**Directions for this task**
Once the line with "Gobo-Effekteinheit verstärkt die" is found in the entries below, print it and each following line exactly, stopping after the line with "Use this relief"; print nothing else.

**Data for this task**
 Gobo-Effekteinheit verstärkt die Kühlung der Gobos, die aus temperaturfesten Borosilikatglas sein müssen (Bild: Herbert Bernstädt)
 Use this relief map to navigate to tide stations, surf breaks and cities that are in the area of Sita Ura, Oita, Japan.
==
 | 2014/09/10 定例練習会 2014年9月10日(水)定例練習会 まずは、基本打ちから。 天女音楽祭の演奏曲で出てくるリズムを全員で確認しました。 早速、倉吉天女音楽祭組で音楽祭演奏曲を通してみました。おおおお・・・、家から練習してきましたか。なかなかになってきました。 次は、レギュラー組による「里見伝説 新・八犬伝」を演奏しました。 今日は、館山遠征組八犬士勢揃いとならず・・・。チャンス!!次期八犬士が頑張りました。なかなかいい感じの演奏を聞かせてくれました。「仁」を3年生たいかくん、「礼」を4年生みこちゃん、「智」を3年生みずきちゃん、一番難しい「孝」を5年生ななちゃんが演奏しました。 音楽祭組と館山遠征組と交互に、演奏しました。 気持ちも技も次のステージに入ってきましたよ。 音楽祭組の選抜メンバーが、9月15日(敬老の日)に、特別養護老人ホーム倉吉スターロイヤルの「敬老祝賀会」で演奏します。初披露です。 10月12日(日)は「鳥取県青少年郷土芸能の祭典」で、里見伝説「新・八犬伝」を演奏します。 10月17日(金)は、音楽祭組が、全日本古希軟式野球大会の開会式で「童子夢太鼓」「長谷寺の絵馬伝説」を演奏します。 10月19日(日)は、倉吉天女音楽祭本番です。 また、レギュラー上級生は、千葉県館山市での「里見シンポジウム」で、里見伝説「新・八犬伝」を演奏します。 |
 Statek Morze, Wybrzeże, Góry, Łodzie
...
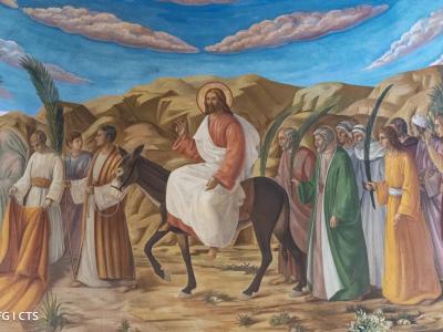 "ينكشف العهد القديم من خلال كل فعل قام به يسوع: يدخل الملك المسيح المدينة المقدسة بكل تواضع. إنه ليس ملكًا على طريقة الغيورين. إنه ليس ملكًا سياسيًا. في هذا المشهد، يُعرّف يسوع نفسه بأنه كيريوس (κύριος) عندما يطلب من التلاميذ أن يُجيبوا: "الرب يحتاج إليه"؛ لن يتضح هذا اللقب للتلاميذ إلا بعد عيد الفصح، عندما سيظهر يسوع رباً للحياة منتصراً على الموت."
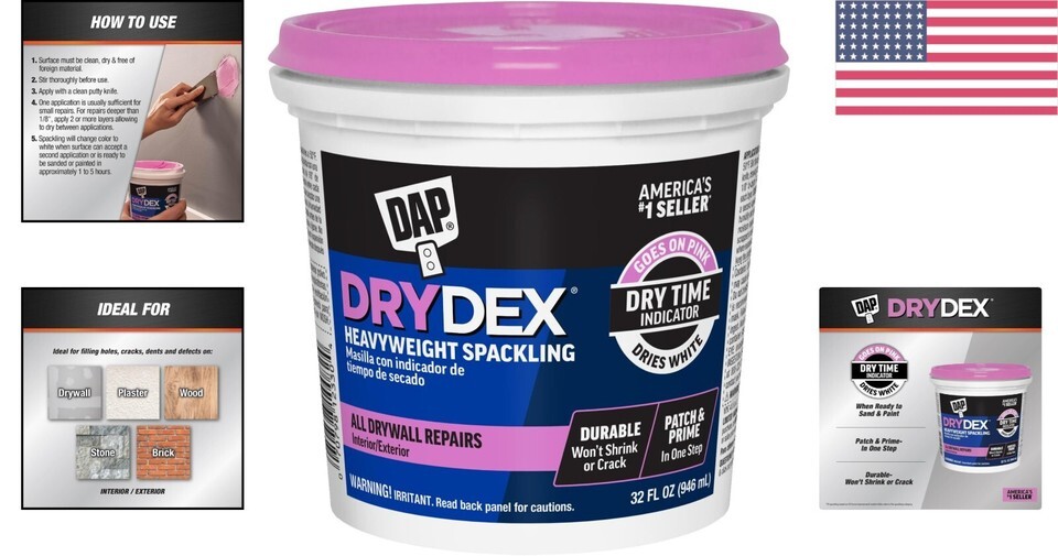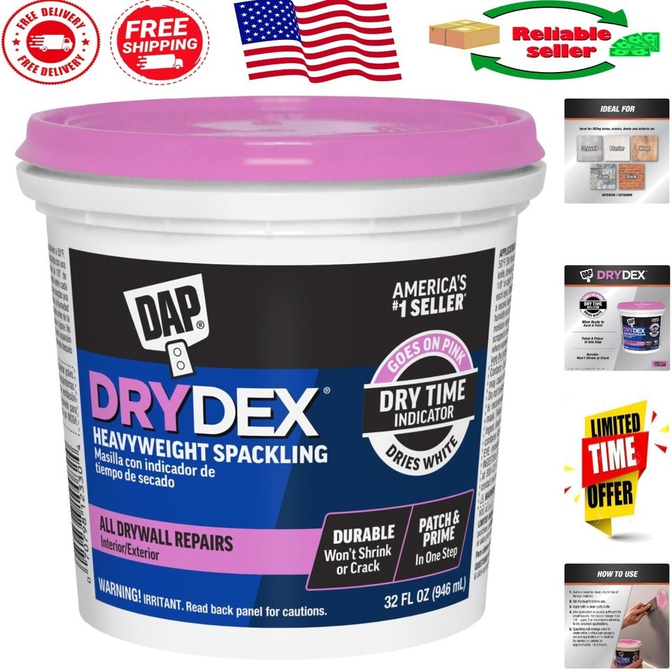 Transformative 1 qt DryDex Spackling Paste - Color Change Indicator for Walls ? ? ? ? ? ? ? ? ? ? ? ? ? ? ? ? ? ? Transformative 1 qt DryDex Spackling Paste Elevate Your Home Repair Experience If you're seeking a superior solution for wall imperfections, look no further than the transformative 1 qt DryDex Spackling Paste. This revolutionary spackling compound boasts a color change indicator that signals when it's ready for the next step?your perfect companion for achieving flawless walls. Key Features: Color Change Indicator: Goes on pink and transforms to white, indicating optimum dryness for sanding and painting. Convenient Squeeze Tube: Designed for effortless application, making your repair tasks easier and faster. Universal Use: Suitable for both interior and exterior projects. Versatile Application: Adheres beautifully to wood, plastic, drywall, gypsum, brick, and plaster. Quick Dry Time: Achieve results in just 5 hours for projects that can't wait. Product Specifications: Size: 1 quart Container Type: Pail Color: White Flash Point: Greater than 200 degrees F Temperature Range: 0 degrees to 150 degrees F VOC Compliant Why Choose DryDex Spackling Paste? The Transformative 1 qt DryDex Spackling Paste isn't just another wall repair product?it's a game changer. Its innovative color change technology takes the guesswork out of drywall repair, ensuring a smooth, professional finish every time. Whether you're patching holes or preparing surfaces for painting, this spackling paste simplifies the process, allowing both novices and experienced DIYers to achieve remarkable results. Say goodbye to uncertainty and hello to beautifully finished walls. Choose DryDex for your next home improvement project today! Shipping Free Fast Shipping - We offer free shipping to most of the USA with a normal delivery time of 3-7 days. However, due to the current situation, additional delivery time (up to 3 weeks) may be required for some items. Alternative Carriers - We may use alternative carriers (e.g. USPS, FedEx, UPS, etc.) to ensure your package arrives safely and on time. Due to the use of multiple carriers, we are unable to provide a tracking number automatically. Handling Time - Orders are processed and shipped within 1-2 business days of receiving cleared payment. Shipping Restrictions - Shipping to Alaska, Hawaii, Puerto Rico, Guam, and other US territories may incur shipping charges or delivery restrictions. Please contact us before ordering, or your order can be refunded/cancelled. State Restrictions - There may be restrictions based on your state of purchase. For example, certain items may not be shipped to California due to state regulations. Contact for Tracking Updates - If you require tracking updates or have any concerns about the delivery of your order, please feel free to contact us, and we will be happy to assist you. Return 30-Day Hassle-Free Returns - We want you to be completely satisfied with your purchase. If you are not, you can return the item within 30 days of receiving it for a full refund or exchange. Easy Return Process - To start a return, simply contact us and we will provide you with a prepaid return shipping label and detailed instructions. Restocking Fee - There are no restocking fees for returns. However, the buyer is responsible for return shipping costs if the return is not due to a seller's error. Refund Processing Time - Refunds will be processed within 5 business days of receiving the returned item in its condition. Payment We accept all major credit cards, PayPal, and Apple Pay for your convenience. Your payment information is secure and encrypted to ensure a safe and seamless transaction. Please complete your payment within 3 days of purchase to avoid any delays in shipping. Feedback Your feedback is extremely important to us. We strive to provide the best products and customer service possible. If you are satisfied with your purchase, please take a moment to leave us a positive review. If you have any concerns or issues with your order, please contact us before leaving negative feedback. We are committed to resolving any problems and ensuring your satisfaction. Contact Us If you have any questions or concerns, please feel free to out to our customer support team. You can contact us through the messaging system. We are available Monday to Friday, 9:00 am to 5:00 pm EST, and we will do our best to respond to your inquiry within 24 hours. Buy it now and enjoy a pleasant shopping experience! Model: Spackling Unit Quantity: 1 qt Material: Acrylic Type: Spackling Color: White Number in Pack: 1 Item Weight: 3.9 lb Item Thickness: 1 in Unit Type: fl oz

**Answer to this problem**
 Gobo-Effekteinheit verstärkt die Kühlung der Gobos, die aus temperaturfesten Borosilikatglas sein müssen (Bild: Herbert Bernstädt)
 Use this relief map to navigate to tide stations, surf breaks and cities that are in the area of Sita Ura, Oita, Japan.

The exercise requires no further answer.